DATA RECORDS:
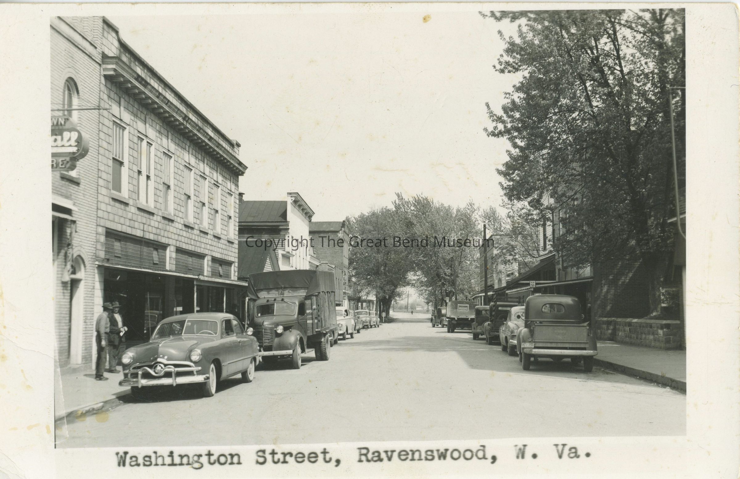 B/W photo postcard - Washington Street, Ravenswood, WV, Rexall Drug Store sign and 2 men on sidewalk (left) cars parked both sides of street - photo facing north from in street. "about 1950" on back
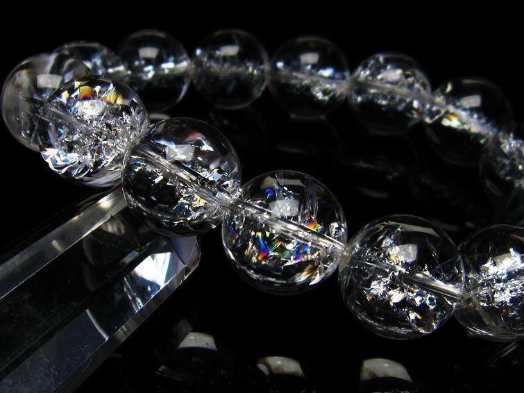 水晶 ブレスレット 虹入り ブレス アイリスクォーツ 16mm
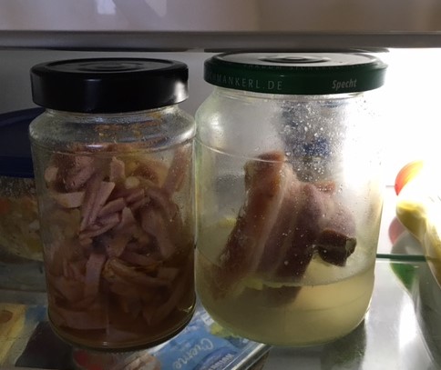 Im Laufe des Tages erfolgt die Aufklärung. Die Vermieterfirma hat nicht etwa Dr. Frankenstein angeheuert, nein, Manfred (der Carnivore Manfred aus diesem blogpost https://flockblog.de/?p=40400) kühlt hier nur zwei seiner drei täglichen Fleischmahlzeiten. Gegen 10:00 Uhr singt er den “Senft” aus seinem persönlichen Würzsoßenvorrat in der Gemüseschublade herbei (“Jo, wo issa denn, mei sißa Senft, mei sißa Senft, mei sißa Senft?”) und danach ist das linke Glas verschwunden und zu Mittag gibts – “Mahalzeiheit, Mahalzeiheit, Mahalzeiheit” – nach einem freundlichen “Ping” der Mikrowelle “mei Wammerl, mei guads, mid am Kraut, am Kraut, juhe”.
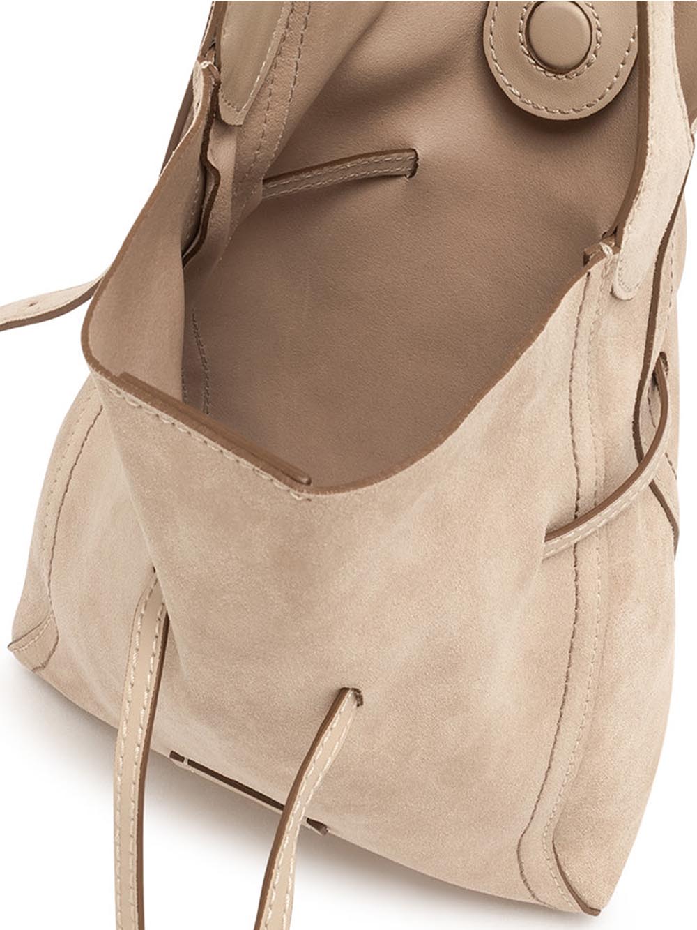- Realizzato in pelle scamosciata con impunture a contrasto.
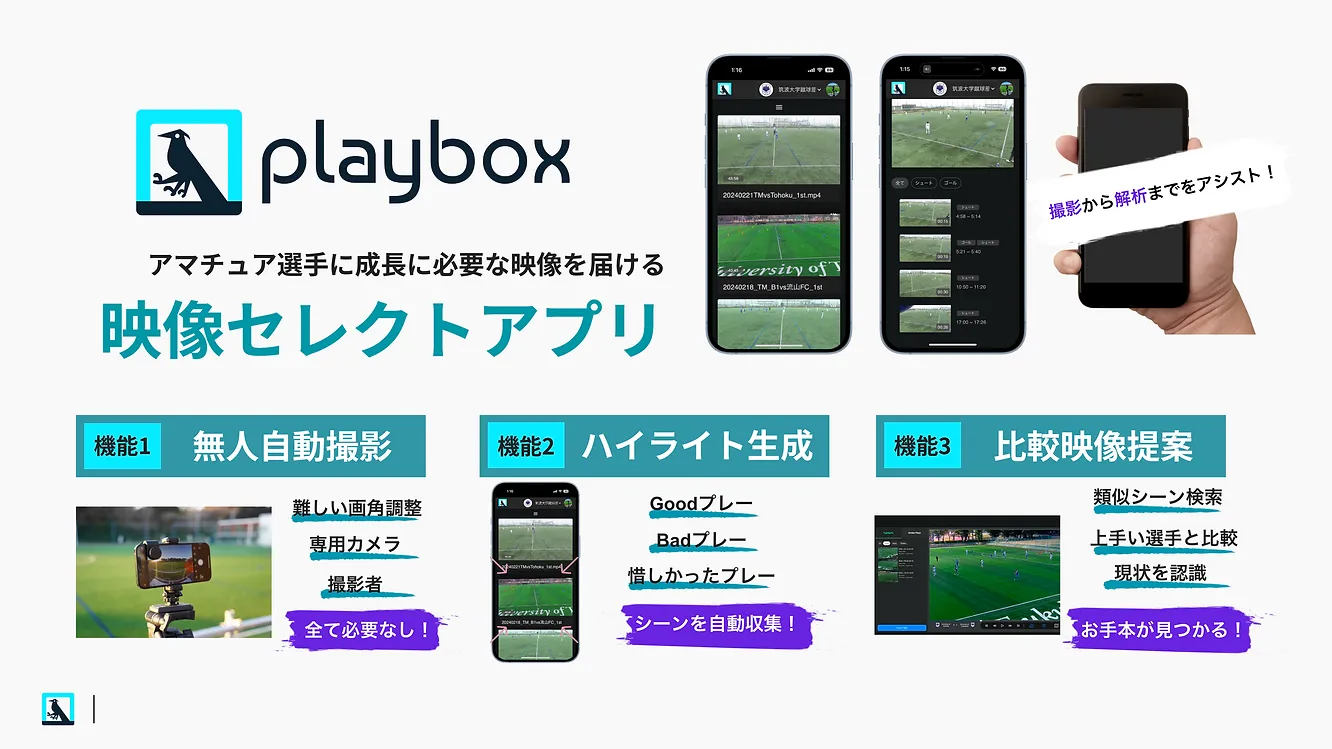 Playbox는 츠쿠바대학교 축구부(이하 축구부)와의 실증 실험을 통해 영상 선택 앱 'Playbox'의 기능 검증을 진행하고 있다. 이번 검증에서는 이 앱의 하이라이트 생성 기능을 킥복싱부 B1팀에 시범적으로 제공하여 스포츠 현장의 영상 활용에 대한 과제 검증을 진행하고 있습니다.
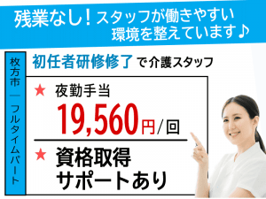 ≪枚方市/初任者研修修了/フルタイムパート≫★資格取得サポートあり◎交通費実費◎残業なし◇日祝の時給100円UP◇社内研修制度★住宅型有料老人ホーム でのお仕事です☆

TASK BRIEF:
Please restate the data word for word, leaving out any picture it holds.

OUTPUT BELOW:
 B/W photo postcard - Washington Street, Ravenswood, WV, Rexall Drug Store sign and 2 men on sidewalk (left) cars parked both sides of street - photo facing north from in street. "about 1950" on back
 水晶 ブレスレット 虹入り ブレス アイリスクォーツ 16mm
 Im Laufe des Tages erfolgt die Aufklärung. Die Vermieterfirma hat nicht etwa Dr. Frankenstein angeheuert, nein, Manfred (der Carnivore Manfred aus diesem blogpost https://flockblog.de/?p=40400) kühlt hier nur zwei seiner drei täglichen Fleischmahlzeiten. Gegen 10:00 Uhr singt er den “Senft” aus seinem persönlichen Würzsoßenvorrat in der Gemüseschublade herbei (“Jo, wo issa denn, mei sißa Senft, mei sißa Senft, mei sißa Senft?”) und danach ist das linke Glas verschwunden und zu Mittag gibts – “Mahalzeiheit, Mahalzeiheit, Mahalzeiheit” – nach einem freundlichen “Ping” der Mikrowelle “mei Wammerl, mei guads, mid am Kraut, am Kraut, juhe”.
- Realizzato in pelle scamosciata con impunture a contrasto.
 Playbox는 츠쿠바대학교 축구부(이하 축구부)와의 실증 실험을 통해 영상 선택 앱 'Playbox'의 기능 검증을 진행하고 있다. 이번 검증에서는 이 앱의 하이라이트 생성 기능을 킥복싱부 B1팀에 시범적으로 제공하여 스포츠 현장의 영상 활용에 대한 과제 검증을 진행하고 있습니다.
 ≪枚方市/初任者研修修了/フルタイムパート≫★資格取得サポートあり◎交通費実費◎残業なし◇日祝の時給100円UP◇社内研修制度★住宅型有料老人ホーム でのお仕事です☆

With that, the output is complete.